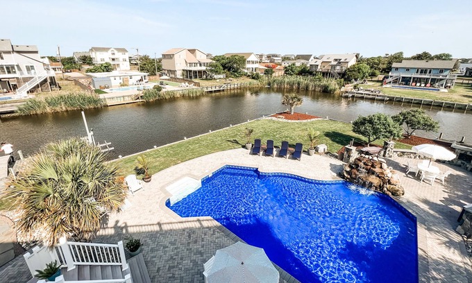 One of the most luxurious and modern waterfront homes in Sandbridge has now become available to host an unforgettable vacation for your family this summer. Our large backyard features a huge pool w/rock feature, large firepit/chimney area with abundant seating and two docks to launch kayaks or fish from. Inside the home you'll have plenty of room to entertain in our 5300 sf home with 3 levels. Tons of balconies and porches, time to start relaxing!
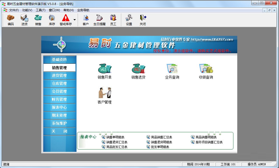 易时五金建材销售管理系统是一款专为五金建材销售行业所提供的管理软件。该软件拥有销售管理、进货管理、仓库管理、会员管理、财务管理、报表中心等等功能,带给管理者专业的管理系统。
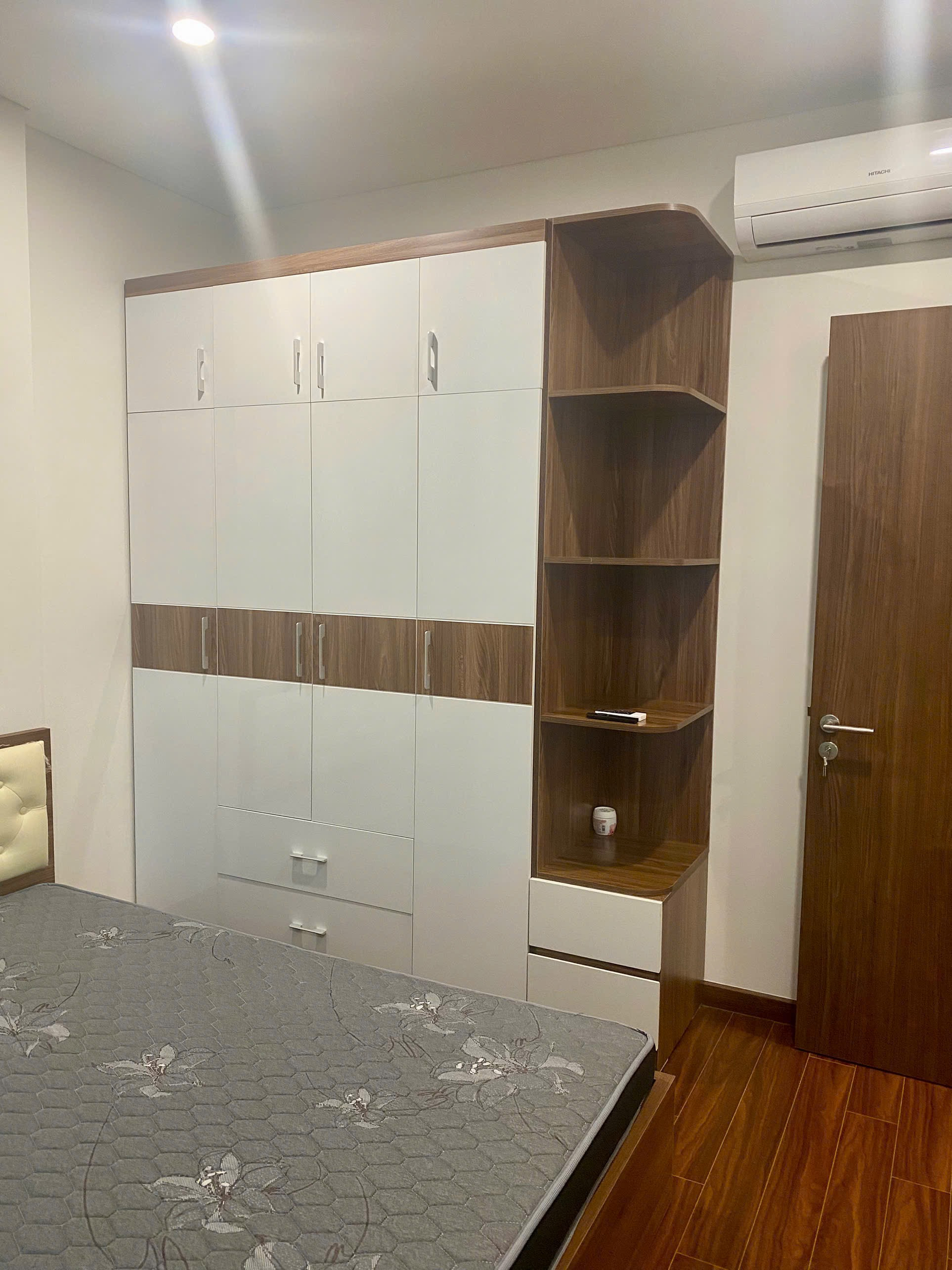Căn hộ hiện đại, thoáng đãng với sàn gỗ ấm cúng, nội thất đầy đủ và hoàn thiện tốt. Không gian sống tiện nghi, sạch sẽ.
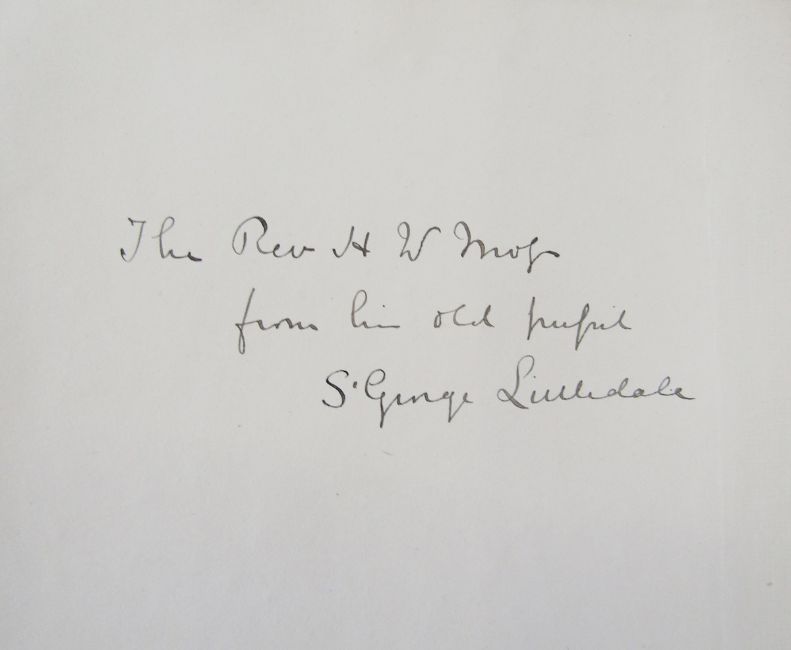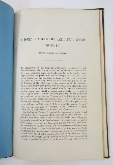 Littledale, St. George R. "A Journey Across Tibet, From North to South, and West to Ladak - from the Geographical Journal for May 1896" bound, half leather, rubbed, five photo ills., three maps, article from The Royal Geographical Society pastedown verso title page, inscribed and signed 'The Rev. H W. Moss from his old pupil St. George Littledale', "A Journey Across The Pamir From North to South" proceedings of the The Royal Geographical Society and Monthly Record of Geography January No. 1892, one folding coloured map, bound, half leather, shelf wear to the boards of both vols., inscribed and signed inside front board 'The Rev. H W. Moss from his old pupil St. George Littledale', shelf wear to both vols, gilt titles to the backstrips (2)
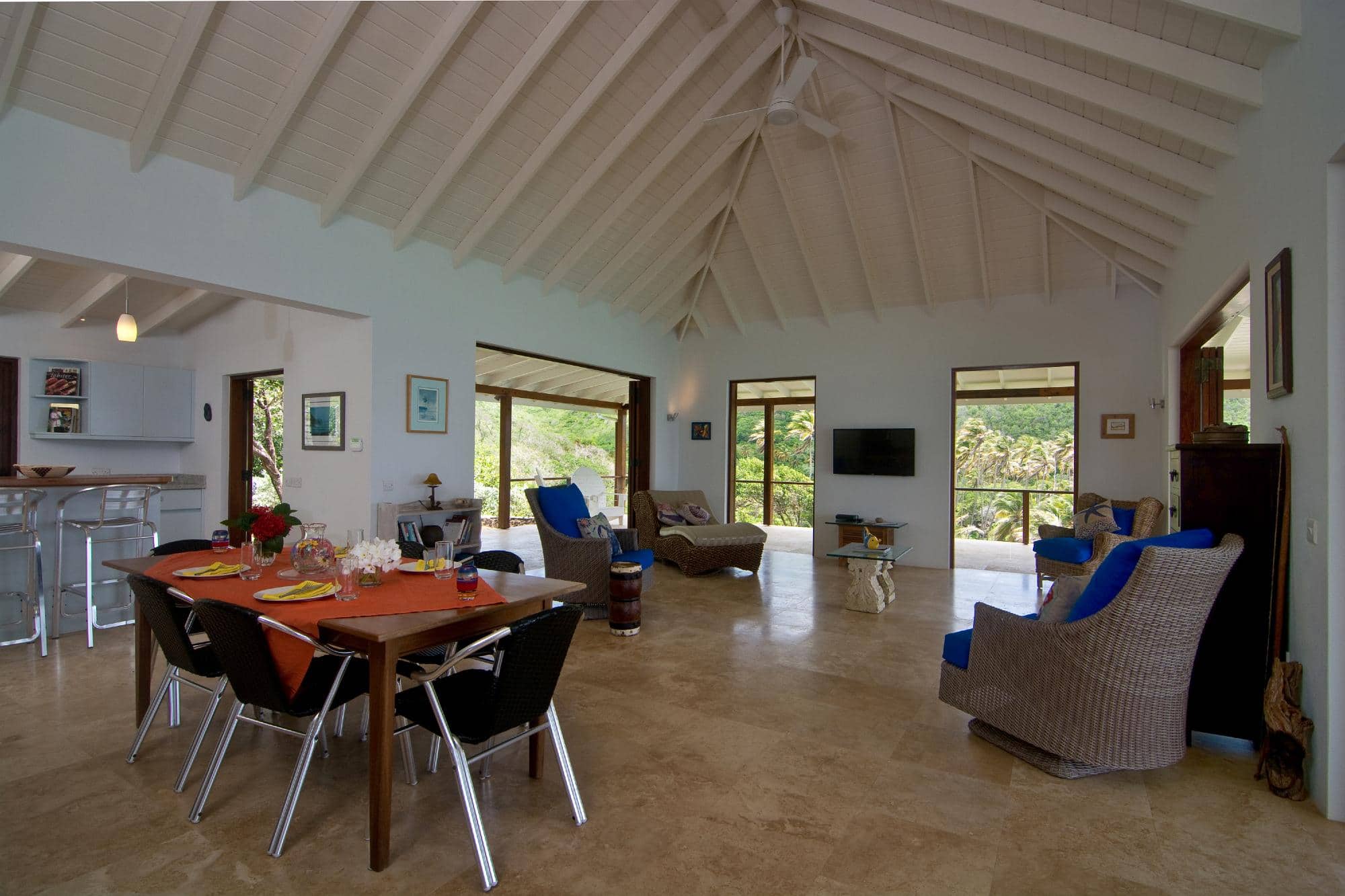 Jamdown is an exquisite waterfront villa that epitomises tropical luxury and relaxed island living. Newly constructed, its prominent position overlooks the pristine sandy shores of Crescent Beach. The villa boasts panoramic 360° views of the ocean and surrounding islands, ensuring breathtaking vistas from every angle. It offers modern amenities such as WiFi and ceiling fans for utmost comfort.

> **What you need to do**
Starting at the line with "Căn hộ hiện" and finishing at the line with "Littledale, St. George", copy the material above exactly, both lines included. Nothing else goes in, and no pictures.

> **Finished exercise**
Căn hộ hiện đại, thoáng đãng với sàn gỗ ấm cúng, nội thất đầy đủ và hoàn thiện tốt. Không gian sống tiện nghi, sạch sẽ.
 Littledale, St. George R. "A Journey Across Tibet, From North to South, and West to Ladak - from the Geographical Journal for May 1896" bound, half leather, rubbed, five photo ills., three maps, article from The Royal Geographical Society pastedown verso title page, inscribed and signed 'The Rev. H W. Moss from his old pupil St. George Littledale', "A Journey Across The Pamir From North to South" proceedings of the The Royal Geographical Society and Monthly Record of Geography January No. 1892, one folding coloured map, bound, half leather, shelf wear to the boards of both vols., inscribed and signed inside front board 'The Rev. H W. Moss from his old pupil St. George Littledale', shelf wear to both vols, gilt titles to the backstrips (2)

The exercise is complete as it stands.